In practice, even if Eve does not know \(M\) or \(M'\), often there is enough redundancy in messages that merely knowing \(M \oplus M'\) is enough to recover most of \(M\) and \(M'\). For instance, the US exploited this weakness to read some World War II era Soviet communications encrypted with the one-time pad, when US cryptanalysts discovered that Soviet officials in charge of generating random keys for the one-time pad got lazy and started re-using old keys.
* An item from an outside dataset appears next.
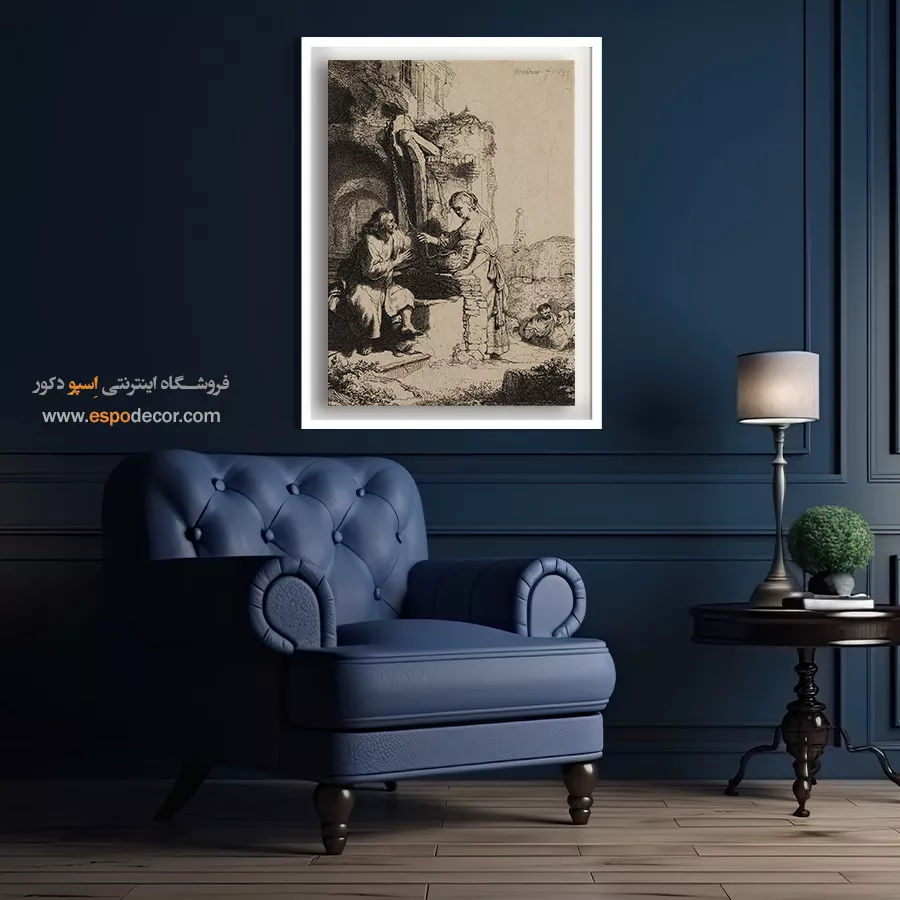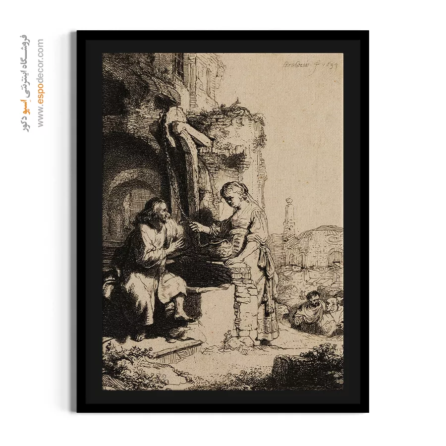 خرید تابلو نقاشی مسیح و زن سامری در میان ویرانه ها رامبراند \| گفتگو در جستجوی حقیقت

The VENONA project, although initiated just shortly after World War II, remained secret until the early 1980s.
We can see that the one-time pad with key reuse is insecure because Eve has learned something about the original messages (namely, the XOR of the two original messages). We can also formally prove that the one-time pad with key reuse is not IND-CPA secure by showing a strategy for the adversary Eve to correctly guess which message was encrypted, with probability greater than \(1/2\).
Eve sends two messages, \(M_0\) and \(M_1\) to the challenger. The challenger randomly chooses one message to encrypt and sends it back to Eve. At this point, Eve knows she has received either \(M_0 \oplus K\) or \(M_1 \oplus K\), depending on which message was encrypted. Eve is now allowed to ask for the encryption of arbitrary messages, so she queries the challenger for the encryption of \(M_0\). The challenger is using the same key for every message, so Eve will receive \(M_0 \oplus K\). Eve can now compare this value to the encryption she is trying to guess: if the value matches, then Eve knows that the challenger encrypted \(M_0\) and sent \(M_0 \oplus K\). If the value doesn’t match, then Eve knows that the challenger encrypted \(M_1\) and sent \(M_1 \oplus K\). Thus Eve can guess which message the challenger encrypted with 100% probability! This is greater than \(1/2\) probability, so Eve has won the IND-CPA game, and we have proven that the one-time pad scheme with key reuse is insecure.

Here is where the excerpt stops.